--- Input ---
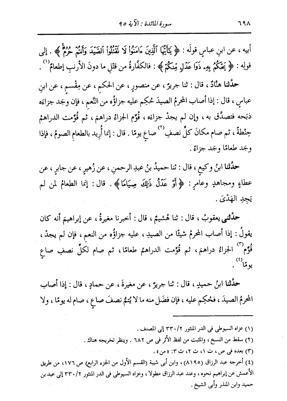 حَدَّثَنَا ابْنُ حُمَيْدٍ، قَالَ: ثنا جَرِيرٌ، عَنْ مُغِيرَةَ، عَنْ حَمَّادٍ، قَالَ: " §إِذَا أَصَابَ الْمُحْرِمُ الصَّيْدَ فَحُكِمَ عَلَيْهِ، فَإِنْ فَضَلَ مِنْهُ مَا لَا يُتِمُّ نِصْفَ صَاعٍ صَامَ لَهُ يَوْمًا، وَلَا -[699]- يَكُونُ الصَّوْمُ إِلَّا عَلَى مَنْ لَمْ يَجِدْ ثَمَنَ هَدْي فَيُحْكَمُ عَلَيْهِ الطَّعَامُ. فَإِنْ لَمْ يَكُنْ عِنْدَهُ طَعَامٌ يَتَصَدَّقُ بِهِ، حُكِمَ عَلَيْهِ الصَّوْمُ، فَصَامَ مَكَانَ كُلِّ نِصْفِ صَاعٍ يَوْمًا. {كَفَّارَةٌ طَعَامُ مَسَاكِينَ} [المائدة: 95] قَالَ: فِيمَا لَا يَبْلُغُ ثَمَنَ هَدْي. {أَوْ عَدْلُ ذَلِكَ صِيَامًا} [المائدة: 95] مِنَ الْجَزَاءِ إِذَا لَمْ يَجِدْ مَا يَشْتَرِي بِهِ هَدْيًا، أَوْ مَا يَتَصَدَّقُ بِهِ، مِمَّا لَا يَبْلُغُ ثَمَنَ هَدْي، حُكِمَ عَلَيْهِ الصِّيَامُ مَكَانَ كُلِّ نِصْفِ صَاعٍ يَوْمًا "
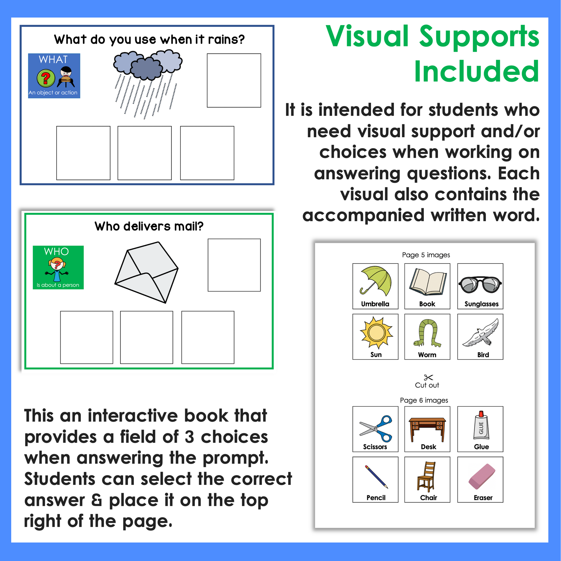 Each booklet provides a field of 3 choices when answering the prompt. It is intended for students who need visual support and/or choices when working on answering questions. Each visual also contains the accompanied written word.
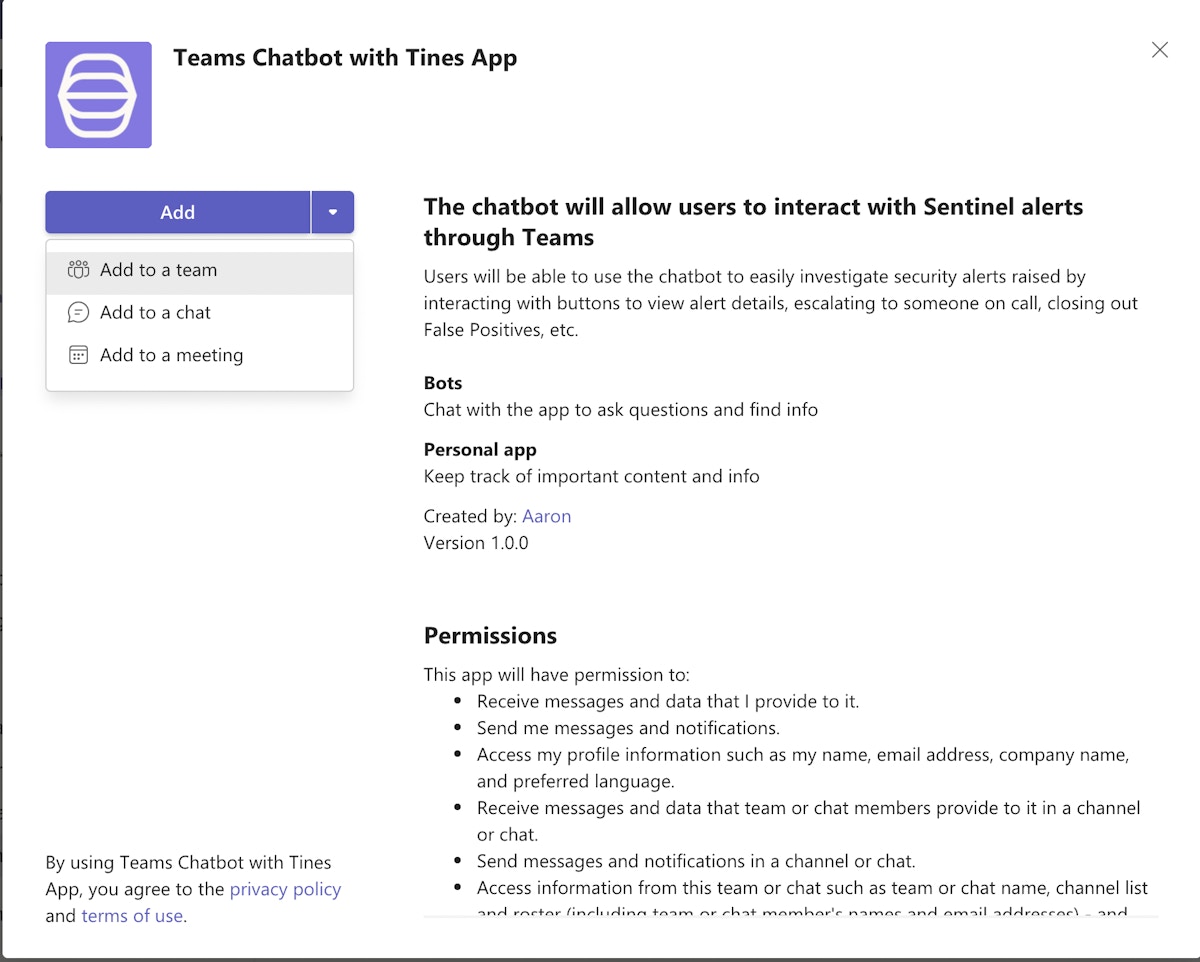 Since those blogs were written, the Tines platform has significantly evolved in many areas. One major enhancement was to our credentials vault. Previously, as suggested in Part 1, authenticating with Microsoft required leveraging HTTP Request Actions within a Tines Story to manually perform the client credentials flow and request a bearer token from Microsoft. Thanks to an update, the client credentials flow can now be handled directly within our credentials vault. This blog will walk through how to set up a chatbot within Microsoft Teams, authenticate the chatbot leveraging the client credentials flow natively from within Tines, and provide a security analyst the ability to respond to an alert via Microsoft Teams.
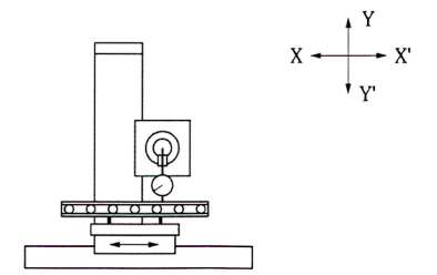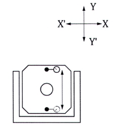 1) Thiết lập bàn máy song song với đường tâm trục chính (B' = 180° trên sơ đồ), cố định một thước thẳng trên bàn máy, gần song song với trục Y với cả hai mặt phẳng tham chiếu. Để đồng hồ so lắp trên trục chính tiếp xúc với mặt trên thước thẳng theo phương trục X. Đo tại cả hai đầu của khoảng đo L, đọc đồng hồ so ở a1 và a2 và ghi lại độ chênh lệch Δa = (a2 - a1).
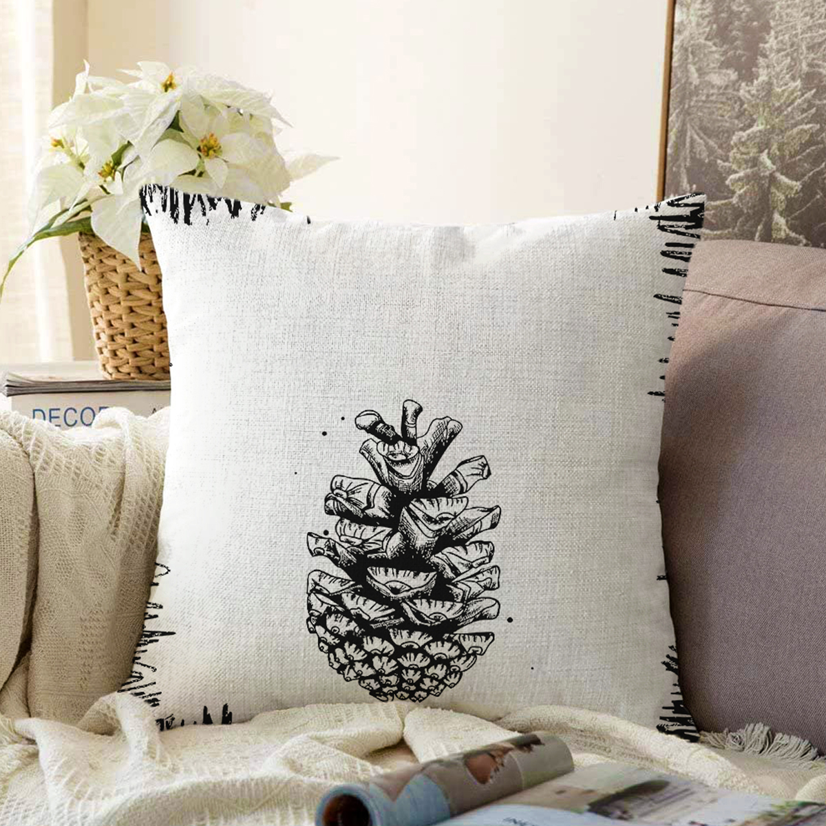 Karakalem Kozalak Tasarımlı Dijital Baskılı Modern Raşel Kadife Yastık Kırlent Kılıfı
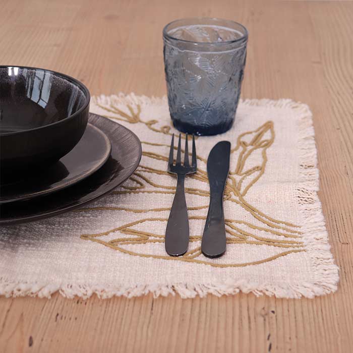 Tovaglietta realizzata in tessuto non tessuto, con frange e decorazione a tema floreale realizzata a mano.
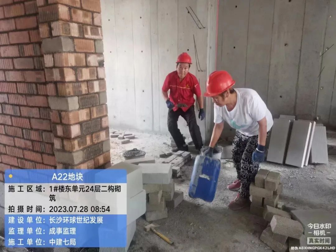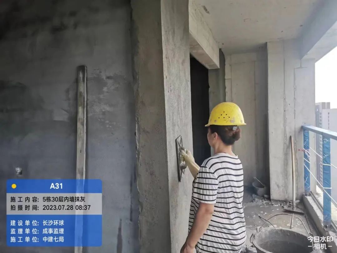 10#栋砌筑完成40层,ALC隔墙安装至40层,户内腻子施工;11#栋楼梯间腻子施工,12#栋户内抗裂砂浆施工。
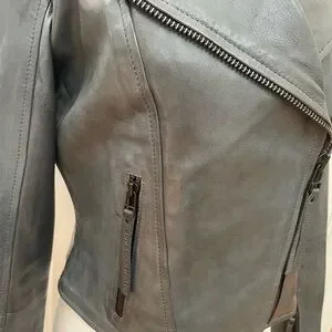It includes two side zip pockets, zipper cuffs, and classic moto details for an effortlessly cool look.
---
The lines to return run from the line containing "1) Thiết lập" through the last line of the records. Give them exactly, omitting pictures.

* **Solution to this problem**:
 1) Thiết lập bàn máy song song với đường tâm trục chính (B' = 180° trên sơ đồ), cố định một thước thẳng trên bàn máy, gần song song với trục Y với cả hai mặt phẳng tham chiếu. Để đồng hồ so lắp trên trục chính tiếp xúc với mặt trên thước thẳng theo phương trục X. Đo tại cả hai đầu của khoảng đo L, đọc đồng hồ so ở a1 và a2 và ghi lại độ chênh lệch Δa = (a2 - a1).
 Karakalem Kozalak Tasarımlı Dijital Baskılı Modern Raşel Kadife Yastık Kırlent Kılıfı
 Tovaglietta realizzata in tessuto non tessuto, con frange e decorazione a tema floreale realizzata a mano.
 10#栋砌筑完成40层,ALC隔墙安装至40层,户内腻子施工;11#栋楼梯间腻子施工,12#栋户内抗裂砂浆施工。
It includes two side zip pockets, zipper cuffs, and classic moto details for an effortlessly cool look.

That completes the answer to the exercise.